Haldiram’s is perhaps the only brand known around the world which comes from Nagpur (my home town). They make a great variety of wonderful namkeens (traditional Indian salty snacks), sweets, and other stuff which can be lumped as Indian junk food. It may be my cultural chauvinism which is speaking but I think that Indian junk food (like Indian food in general) beats any other variety of junk food hands down.
Haldiram’s is good Indian stuff. I used to pack my suitcases full of the stuff every time I returned to California from a visit to India. I exported the stuff to myself, so to speak.
While opening a pack of Haldiram’s Bikaneri bhujia last evening, I noticed the packet proclaimed “Export Quality!” I suppose they meant “Best Quality” or “First Quality” because it could not have meant “Basically Inferior Stuff”. The label implied very clearly that this stuff was good enough to be exported. That implication arose from a shared assumption that is very disturbing if one thinks about it.

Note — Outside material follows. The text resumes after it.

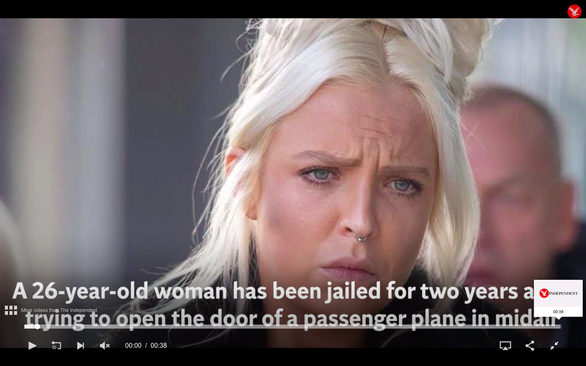 26-летняя женщина осуждена к 2-м годам лишения свободы после попытки открыть дверь пассажирского лайнера во время полёта. Хлоя Хейнс была признана виновной в суде Короны Челмсфорда в среду за угрозу безопасности самолета и нападение на члена экипажа. Инцидент произошел на борту самолета Jet2 в июне прошлого года (рейс в Даламан) Самолет был вынужден вернуться в Великобританию, когда Хейнс попыталась открыть дверь, вынудив ВВС взломать два самолета Eurofighter Typhoon, чтобы перехватить этот.

The shared assumption essentially was that the domestic market is not discriminating enough and can be sold sub-standard stuff; that export markets demand and deserve quality better than the domestic market. Was the assumption justified? If so, is the Indian consumer inherently incapable of recognizing quality? Or is the Indian consumer not “deserving” of quality? Or is it that the Indian consumer cannot afford quality? What are the reasons why the market delivers poor quality shoddy goods and services in India?
It is undeniable that the Indian market does deliver very poor quality goods and services in general. The explanation for that is really very simple: it is a sellers’ market. The essential characteristics of sellers’ market are that there is insufficient competition on the supply side, and the supply is severely constrained which leads to intense competition for goods on the demand side. The sellers don’t have to compete for customers, while the buyers have to compete for the goods.
Why the supply constraint? In some cases it is due to public sector monopoly, such as the railways (and until recently, telecommunications.) In some other cases, license restrictions on the private sector coupled with import restrictions. I recall a time when being able to get a two-wheeler was an achievement because the waiting time was of the order of a few years.
Monopolies, public and private, do not fear competition and behave exactly as the textbooks say: high prices, shoddy quality, and super-normal profits (economic rents.) Also, as any economics textbook analysis would demonstrate, deadweight social losses.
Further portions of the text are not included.